“Barn Burning” by William Faulkner. I was going to assign it. Somehow, the time just slipped away.
And it hurts down deep knowing that we haven’t walked through this story. We were not there with a scared young Colonel Sartoris Snopes, called to the witness chair, interrogated by the men of the community at the country store with those shelves “close-packed with the solid, squat, dynamic shapes of tin cans whose labels his stomach read.” Just a boy, knowing the guilt and ways of his father, carrying in his veins the blood and in his person the name. Rather it was the names, both rooting him deep in the Southern soil, in the history, in the primeval fight that’s been goin’ on since the first man got something more, something better, and the second just watched, seething, longing, but not for whatever it was, a cow, a woman, a piece of bottom land, but surging with anger and wanting to destroy. And it all was swirling around and around until it spilled out in a fire, or a killing, or fight started by the one who watched the other get what he didn’t and maybe couldn’t have. That was there, lodged in the very center core of the boy. Snopes, yes Snopes, that was his name. But the other part of his name, Colonel Sartoris, bestowed after the colonel who got voted out of his own regiment, came back, raised another troop, fought Yankees, carpetbaggers, friends, neighbors, and life itself until Redmond kilt him. Ab Snopes, the father, knew the colonel, worked for him or at least near him. The boy carried the name. Both names weighing on just a boy.
I didn’t assign it. And some will think “We don’t have to read it. It won’t be on the test.” But Faulkner is there on every test. He is there reminding us of “the old verities,” and of “man not only enduring, but prevailing,” and of “grandaddy said,” and of “that fierce pull of blood” that is so deeply intwined in this story, and a thousand other little rocks jutting out on the cold embankment we climb, trying to get out of this.
Faulkner is layered, rambling, repetitive, wordy, obtuse, obscure. Hemingway sneered, “Poor Faulkner. Does he really think big emotions come from big words? He thinks I don’t know the ten-dollar words. I know them all right. but there are older and simpler and better words, and those the ones I use.” Ernest always lashed out when he was jealous. His characters were without family, roots, land, faith, and real love. Vermouth, even by the barrel, could not substitute for truth. Hemingway wrote adventure stories mostly. Faulkner wrote literature.
Faulkner is assigned. “Barn Burning” and the rest of the stories, and the novels, and Oxford, Mississippi itself are all assigned. I’ve been working on that same assignment since 1973, failing, but returning.

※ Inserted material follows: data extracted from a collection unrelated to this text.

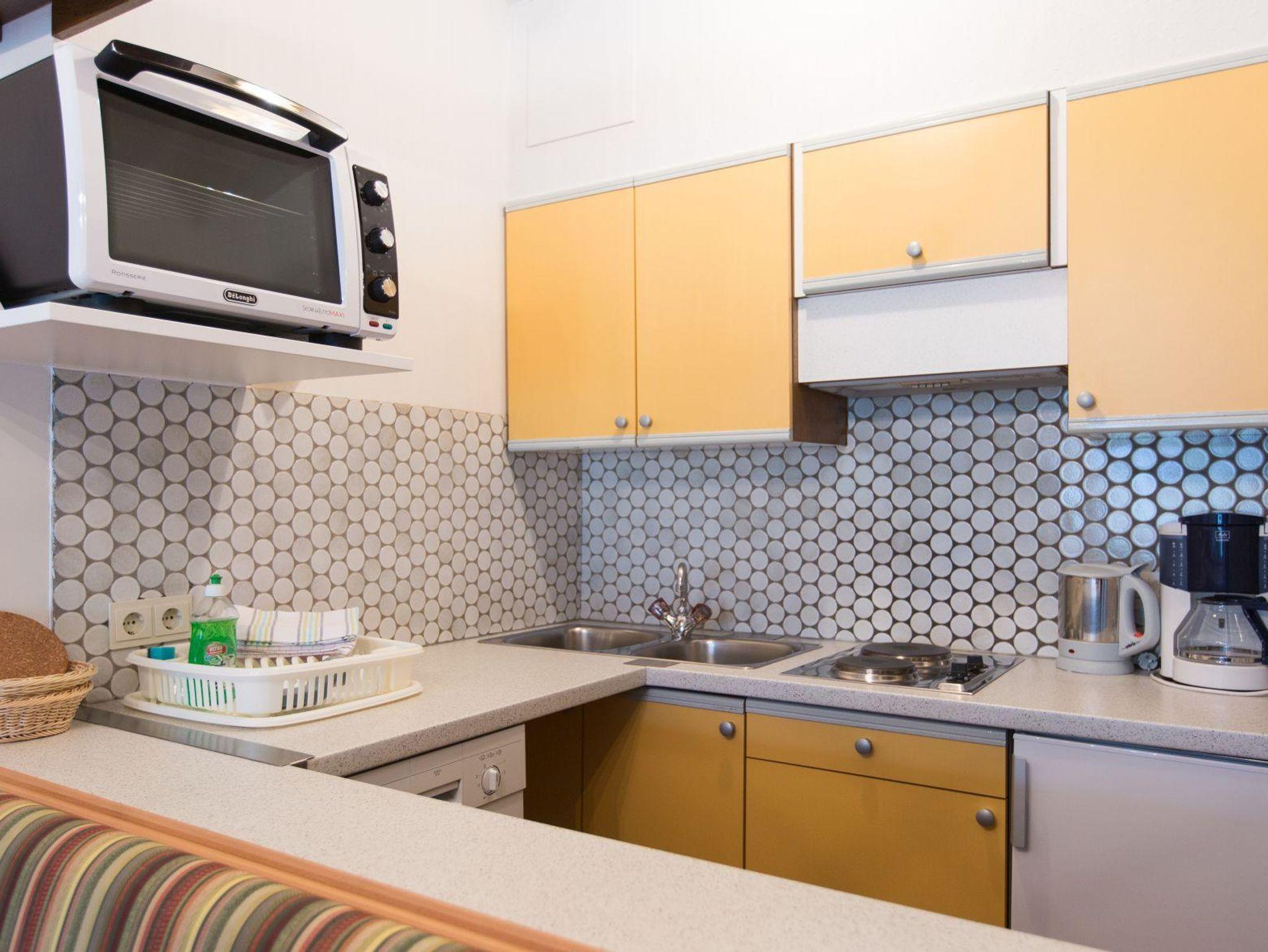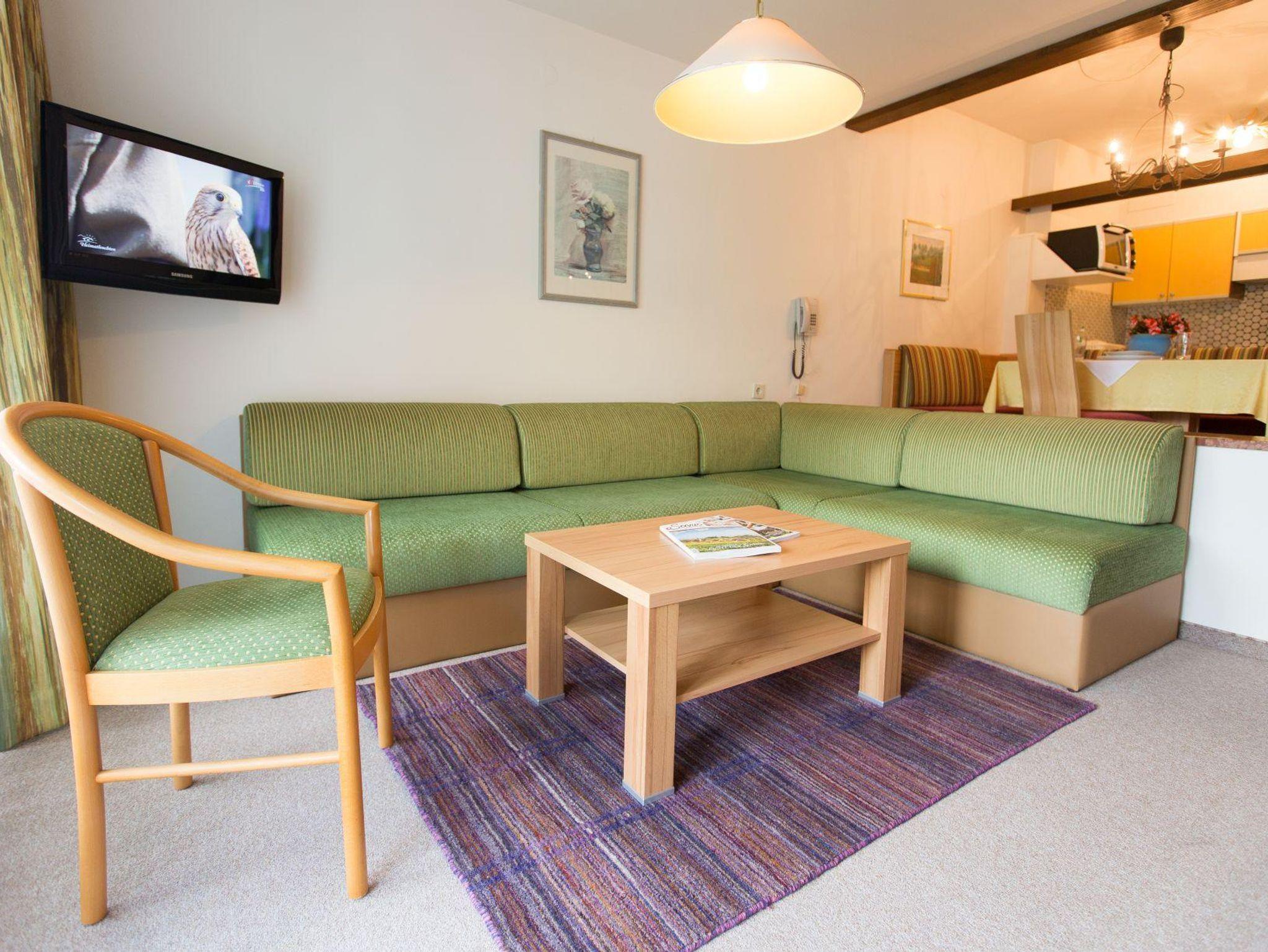 Typ A (42m²) ist ein Studioappartement mit geräumigem Wohnschlafraum mit Doppelbett hinter einem Vorhang, gemütliche Sofaecke (2 Betten), Dusche/WC (Haarföhn) und seperates WC, großer Balkon oder Terrasse in Südlage, integrierte Küchenzeile mit 2 Plattenherd, Geschirrspüler, Kaffeemaschine, Kühlschrank (mit Gefierfach), Backrohr, Wasserkocher, und auf Wunsch auch eine Mikrowelle und Toaster. Eßeckbank mit großem Tisch, Flat-TV mit internationalen Programmen, Safebox, Telefon und gratis WLAN.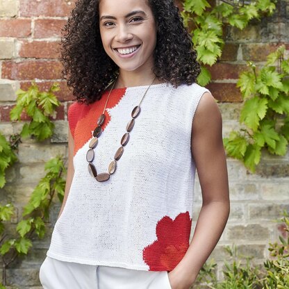 This cotton shell top is an ideal garment for high summer, with its cool, lightweight fabric. It has been designed to have a loose, relaxed fit, and Jennie Atkinson has decorated her design with vibrant poppy-like intarsia motifs. The garment is knitted in a smooth cotton 4ply yarn from Patons, which comes in a lovely choice of colours so you can adapt the intarsia pattern to reflect your favourite flower. (note: this garment is knitted in 2 pieces, with side seams. It's not possible to work the intarsia flowers in the round).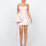 Turn heads and steal the spotlight in this stunning satin mini dress, designed for the ultimate statement look. Featuring a strapless sweetheart neckline with a bustier-style bodice and gathered detailing, this dress beautifully contours and flatters your figure. The built-in bust cups provide extra support, while the detachable dramatic side bow adds a playful yet sophisticated touch.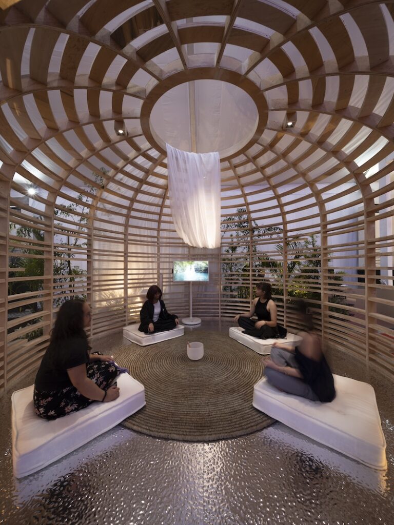 “What matters is not the size but the intention behind it. HINGA could take the form of a quiet pavilion, a contemplative room, a garden sanctuary, or simply a moment of pause within a larger architectural environment. The interactions that happen in the space are intentionally gentle–meditation, breathwork, sound healing, quiet reflection, journaling, or simply sitting in silence. These are not programmed activities, but invitations.”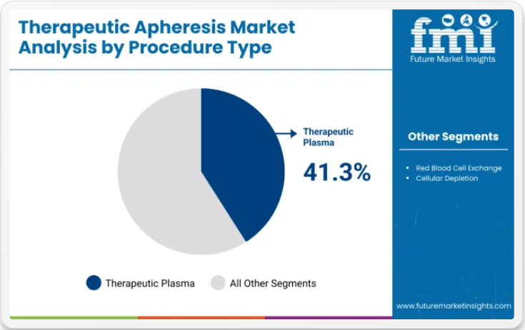 治療的血漿交換(TPE)は2025年に市場の41.3%を占め、最も広く採用されているアフェレーシス処置であり続けている。自己免疫疾患、神経内科疾患、血液疾患の管理におけるその有効性が強い需要を支えている。重症筋無力症、ギラン・バレー症候群、血栓性血小板減少性紫斑病などの疾患の有病率の増加が、処置件数を押し上げ続けている。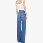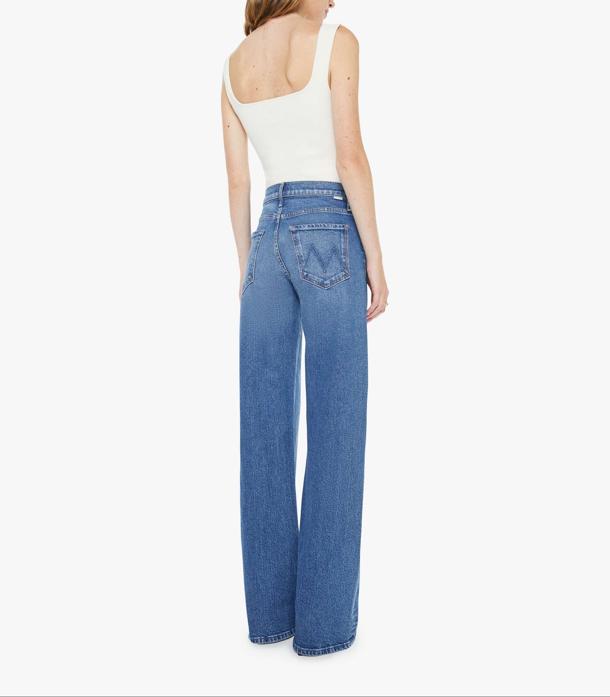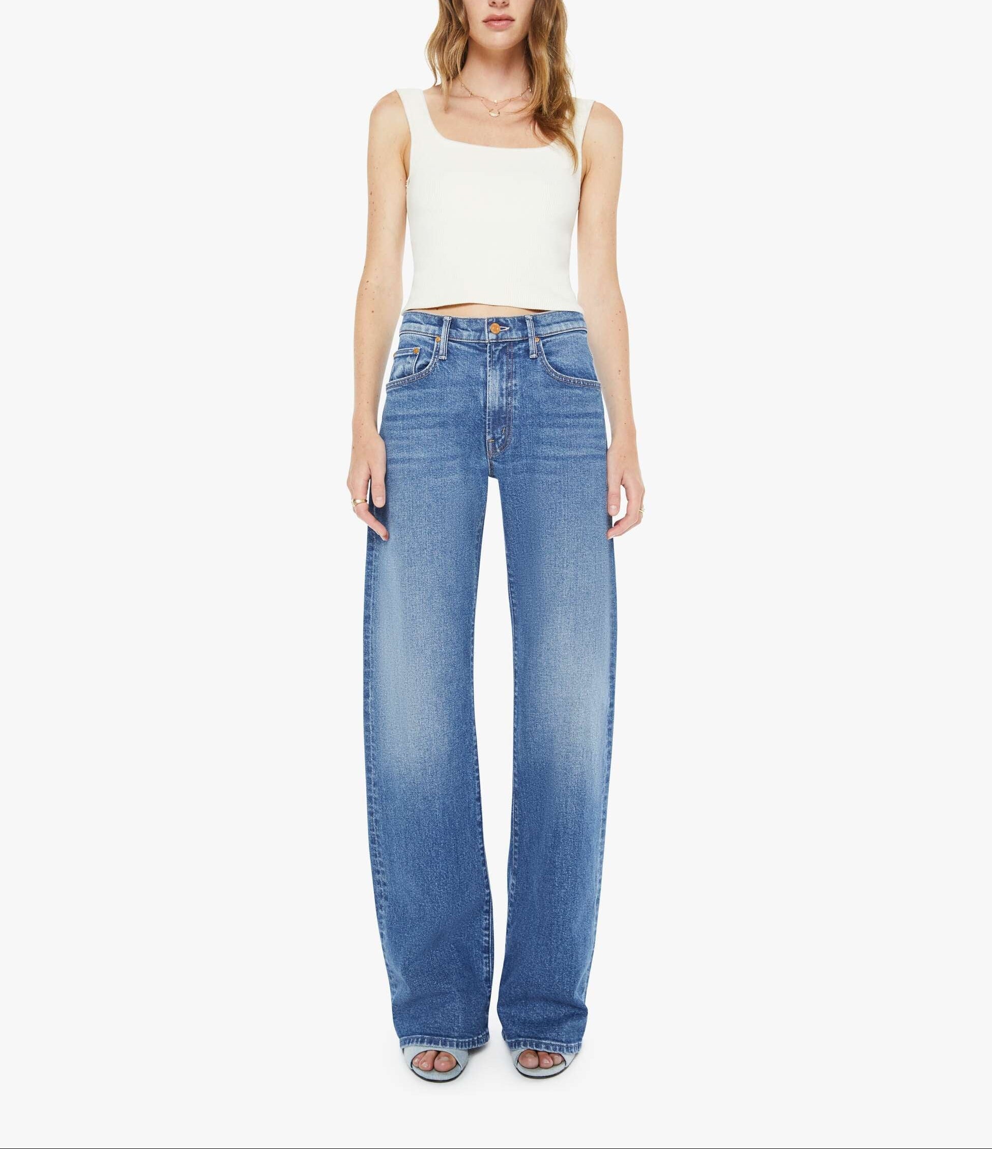 Mother The Mid Rise Lasso Heel in Knick Knack Paddy Whack. Wide-leg pants with a zip fly, mid rise and a long 34-inch inseam with a clean hem. Cut from denim with a touch of stretch, Knick Knack Paddy Whack is a mid-blue with subtle whiskering and fading.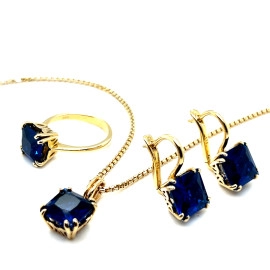 Комплект от “Jacklin ” в жълто злато със синтетичен сапфир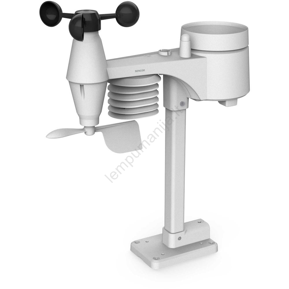 • 5v1 jutiklis: vėjo greitis, vėjo kryptis, krituliai, temperatūra, drėgmė (įeina į komplektą).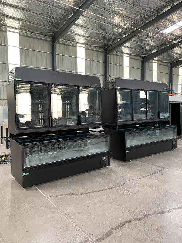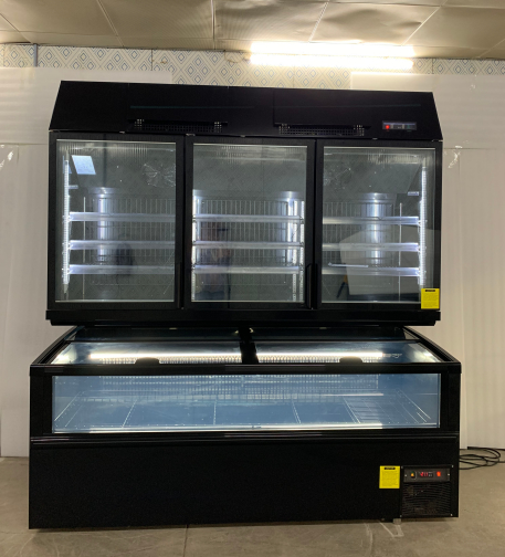 संयुक्त डिस्प्ले फ्रीजर टॉप ग्लास डोर और आइलैंड चेस्ट फ्रीजर के साथ - स्पेस-सेविंग प्लग-इन कमर्शियल रेफ्रिजरेशन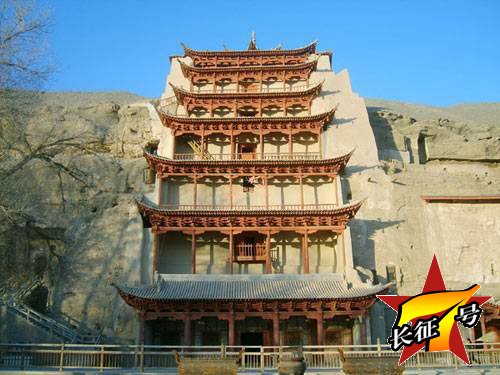 莫高窟位于敦煌市東南25公里處,開鑿在鳴沙山東麓斷崖上。南北長約1600多米, 上下排列五層、高低錯落有致、鱗次櫛比,形如蜂房鴿舍,壯觀異常。它是我國現(xiàn)存規(guī)模最大,內容最豐富的古典文化藝術寶庫,也是舉世聞名的佛教藝術中心。1987年12月被聯(lián)合國教科文組織列為世界文化遺產(chǎn).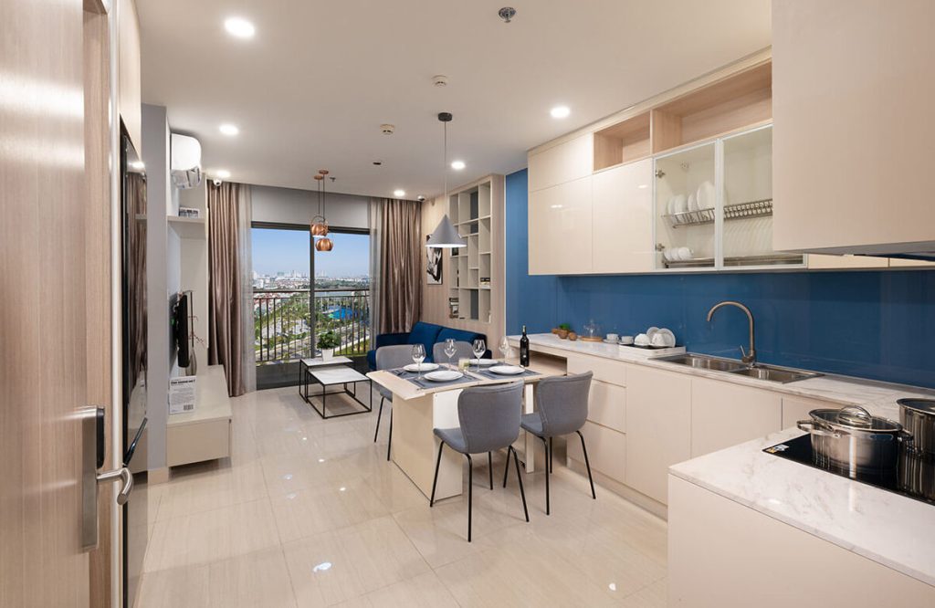 Bàn giao căn hộ Hoàn thiện Đồ Liền Tường bao gồm trần, tường, sàn, bếp, thiết bị vệ sinh, hệ tủ (lavabo, tủ quần áo, tủ bếp). Hệ thống Nước Nóng Trung Tâm và Điều hòa Multi. Cấp độ vật liệu tương đương các phân khu cao cấp của Vinhomes (như Park Hill, Green Bay, Vinhomes Central Park…).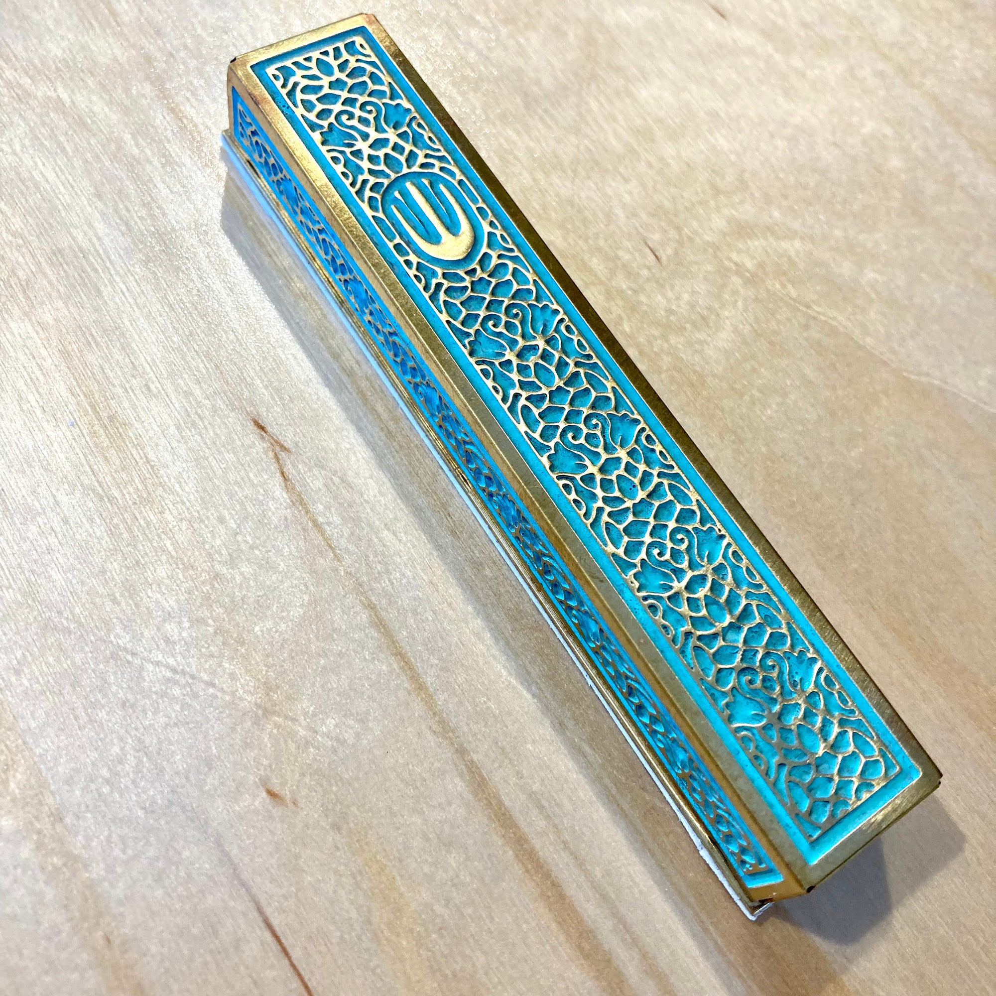 Available in blue or turquoise, in either open style (for indoor use only) or closed style (indoor or outdoor). The letter Shin on the closed options symbolizes both the Shma and the first letter of one of God's name in Hebrew.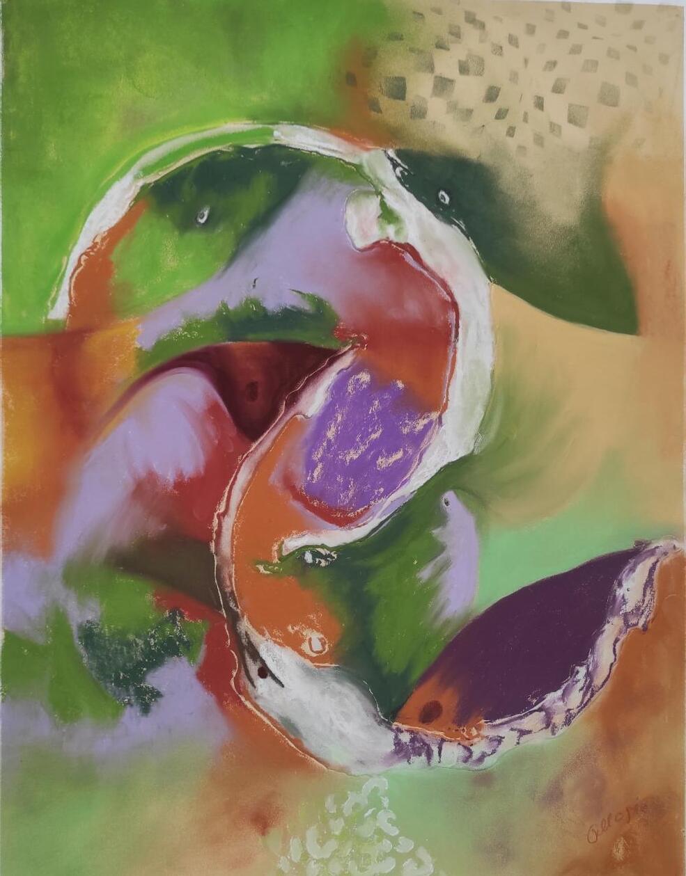 My first abstract works date back to late 2011. My creative process, which draws on the evocative power of the forms and colors found in nature, aims to open the doors of imagination and emotion without passing through words. It is about ‘allowing one to see,’ in the words of the poet Éluard, rather than explaining or indicating what should be seen. Guiding anyone in their reading or interpretation by giving my creations a title or providing an accompanying text is therefore out of the question. The encounter between the work and the viewer then becomes a space of exchange—a fusion between colors, atmosphere, experience, and sensitivity.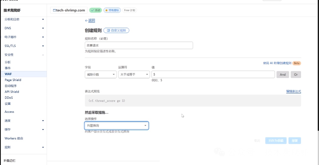 创建一个名为“恶意请求”的规则,将威胁分数设置为大于等于5。然后,将操作设置为“托管质询”。这意味着,Cloudflare会对每一个入站请求进行分析,如果发现威胁等级大于5,就会弹出一个Turnstile的5秒盾进行人机验证。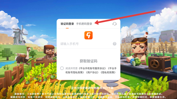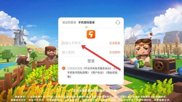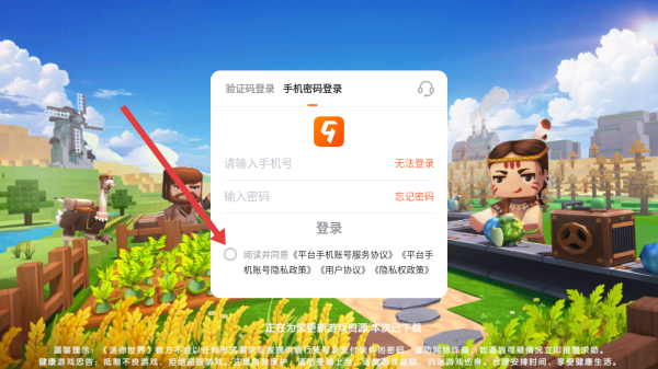 4、在勾選好同意按鈕后,點擊上方輸入框依次填寫手機(jī)號和密碼,即可完成登錄操作。
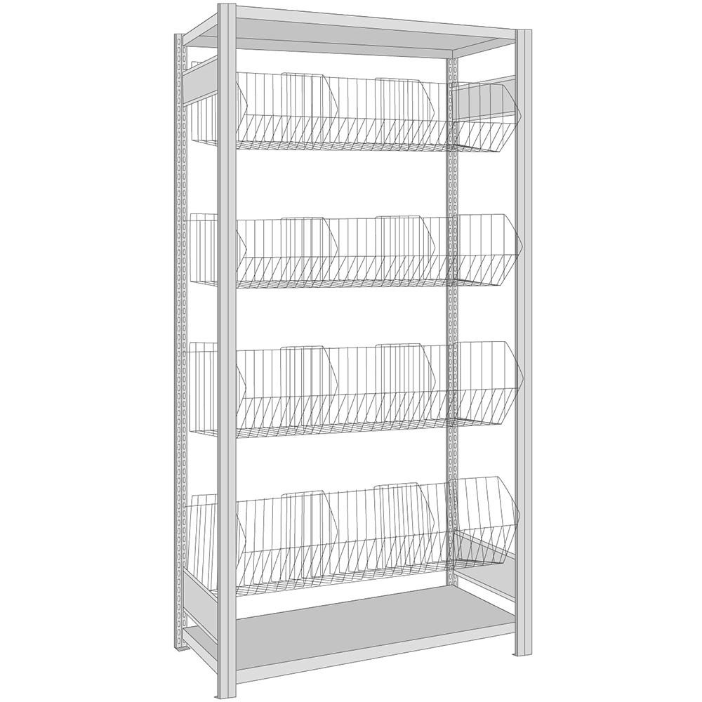 Produktinformationen "BERT-Kleinteileregal mit Gitterkörben und Stahlfachboden - Grundfeld"

The young boy, Colonel Sartoris Snopes, disappears at the end of the story, and unlike so many Faulkner characters, he disappears from Yoknapatawpha County, and that whole postage stamp of a world forever. Faulkner didn’t create characters. They were already there, and he just tried to catch up with them and hear what they were saying. But the boy escaped. I wonder whatever became of him.